What is Phenytoin?

Angela Crout-Mitchell

The most common uses for phenytoin is to control and prevent seizures in cases of epilepsy, and to prevent seizures during and following surgery on the brain and nervous system. This medication is classified as an anti-convulsant, and works by decreasing electrical activity in the brain known to produce seizure activity. It is available in several forms and doses including tablet, chewable tablets, and liquid designed for very young patients. To successfully treat seizures, doctors typically begin patients on a low dose to build up the medication in the system, later adding additional doses as needed. Like many other medications of this type, some people experience adverse reactions and are unable to use this drug effectively.

If phenytoin is not effective, it's often mixed with other drugs as part of a drug cocktail.
If phenytoin is not effective, it's often mixed with other drugs as part of a drug cocktail.

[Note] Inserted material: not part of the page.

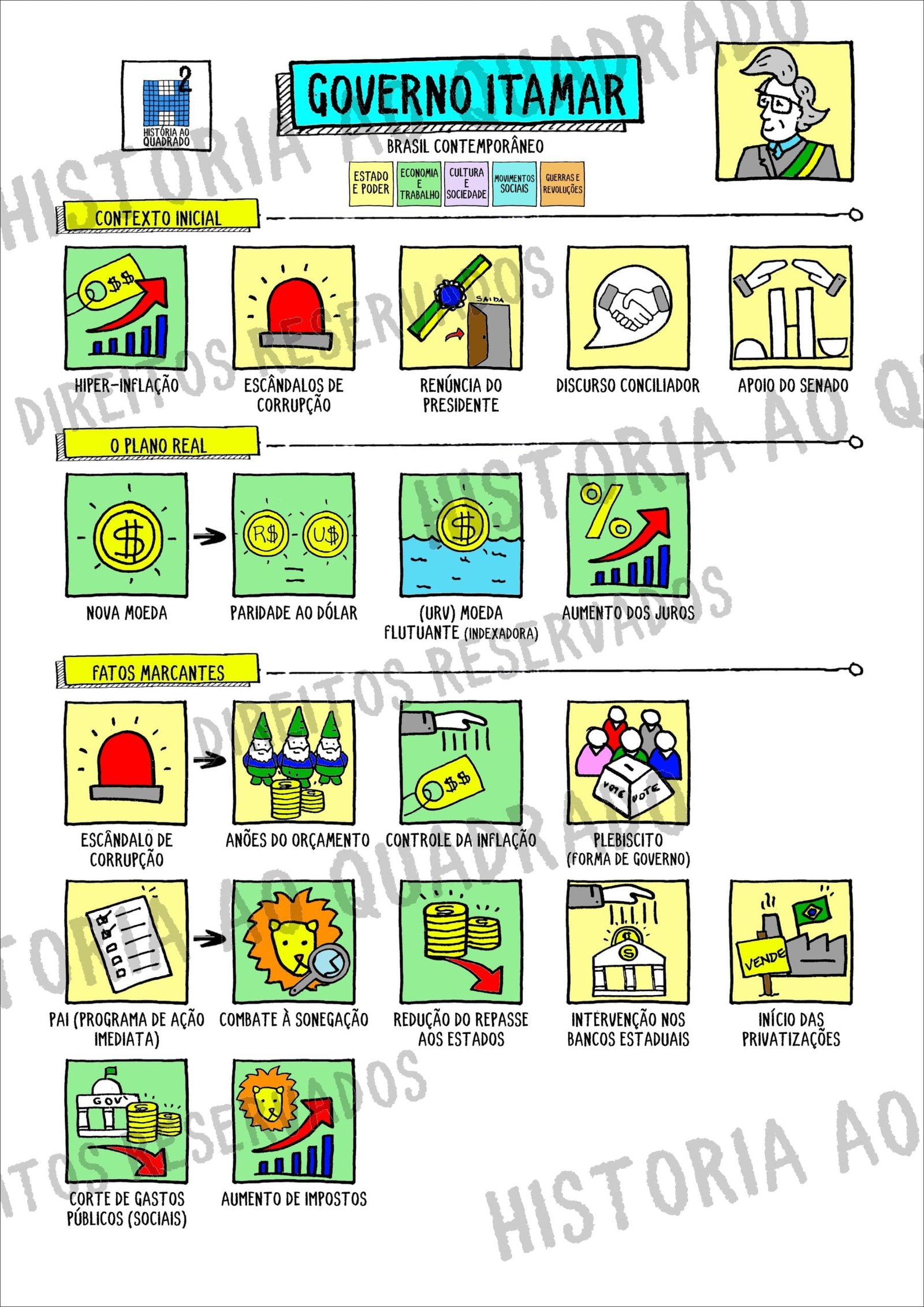 Compilação com os melhores mapas mentais, conceituais, infográficos, diagramas e resumos sobre plano real.

As an anti-epileptic drug, phenytoin is used for patients of all ages and stages of epilepsy severity. If the patient is not responding to phenytoin when taken on its own, it may be used with other medications in what is known as a drug cocktail. It is not unusual for epilepsy patients to need specialized treatment, as this condition varies dramatically from patient to patient. This drug is also effective in reducing the likelihood of seizures due to brain or nervous system surgery because it limits the brain's electrical impulses. Heart patients also use phenytoin to control irregular heartbeats.

Phenytoin is offered in a variety of forms designed to meet the needs of the various types and ages of the patients for whom it is prescribed. The extended release capsule form is ideal for adults, and is usually intended to be taken between one and four times a day. Chewable tablets are usually prescribed for children or adults who have a hard time swallowing whole pills, and is administered on an average of three times per day. The suspension liquid form is often given to babies and very young children, and is given two to three time daily. Regardless of the type of phenytoin prescribed, it is crucial for the patient to take the recommended doses at the same time every day for maximum benefit.

There is a possibility the patient may experience side effects while taking phenytoin. Some are minor and can be ignored, while others should be reported to the doctor as soon as possible. Experts suggest seeking medical attention if the patient experiences confusion, slowed thinking, and slurred speech. Dizziness and severe headache are causes for concern as well. If these symptoms appear, the patient will likely be weaned from the medication and other drug options will be explored.